I'm trying to produce movement on a unit circle from one point to another in equal increments, but I'm having trouble doing this without the use of angles (which isn't an option).
Given 2 points on a unit circle, a from position and a to position, how do I interpolate between the two positions given an amount to interpolate by t?
i.e.:
from = [0,1]
to = [1,0]
t = .25 (A quarter way between from and to on the perimeter of the unit circle)
Unfortunately, I don't think linear interpolation projected on the unit circle would work:
Is there a way to interpolate on the perimeter of the circle as shown here?

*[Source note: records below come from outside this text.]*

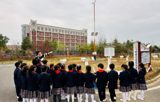 气象志愿者引导学生有序地参观了设立在校园内的气象科普园地,各类地面气象探测设备让学生能够更加直观地了解气象观测、预报制作、预警发布等气象知识,激发他们认知气象、探索自然的兴趣。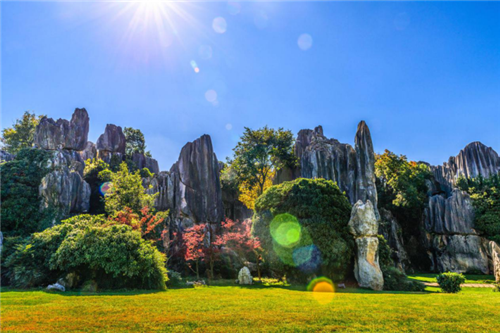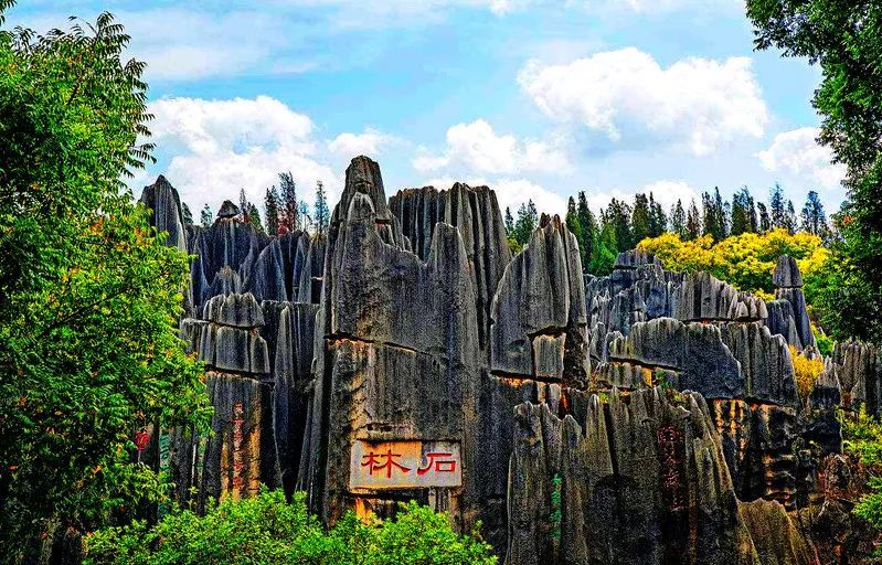 位于云南石林彝族自治县,距昆明78公里,是一个以岩溶地貌(喀斯特地貌)为主体的风景名胜区,景区由大、小石林、乃古石林、大叠水、长湖、月湖、芝云洞、奇风洞7个风景片区组成。在石林广达400平方公里的区域内,遍布着上百个黑色大森林一般的巨石群。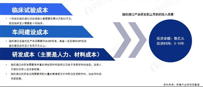 目前我国脑机接口产品按照二类或者三类医疗器械进行产品注册备案和上市销售管理,初步估算,单一产品的投入至少需要达到数亿元人民币,投资回收期也需要至少3年以上,且该投入还存在效果不及预期或者失败的风险。因此高昂的投入成本也成为了产业发展的巨大阻碍。

R, A, and B are segments of the circle's perimeter. |R| = |A| and |R| * 2 = |B|.
Best Answer
The interpolation you want is a linear interpolation of the angle (which is identical to the arclength for the unit circle): $$ \phi = \phi_a (1-t)+\phi_b t $$ which could involve segments of length more than $\pi$. If the shortest path is wanted, one needs to modify the above.
The problem is that you would need to calculate:
$\phi_a$ and $\phi_b$ from $(x_a, y_a)$ and $(x_b, y_b)$, and then
$(x, y)$ from $\phi$
The first is calculated via $\arctan(x)$ the second via $\cos(x)$ and $\sin(x)$ or one of them replaced by the square root function.
So your real problem is to approximate the above functions.
If you have restrictions on using trigonometric functions and their inverses, then you probably have more restrictions (maybe even no floating point arithmethic). We would need more information on them, to give useful advice. E.g. using symmetry and a lookup table for $\cos$ for the first $1/8$th of the circle might fail due to having not much memory etc.
Another approach would be to approximate the circle by a polygon:
Assign each line segment a parameter interval $[t_i, t_{i+}]$. So first step would be to look at $t$ and determine which interval applies e.g. $[t_3, t_4] = [0.75,1.00]$ and then do the interpolation on that segment.
This would only need in advance calculation and storage of the segement end points, e.g. $5$ points for the image above with $4$ segments. If you use symmetry only about half of the points are needed.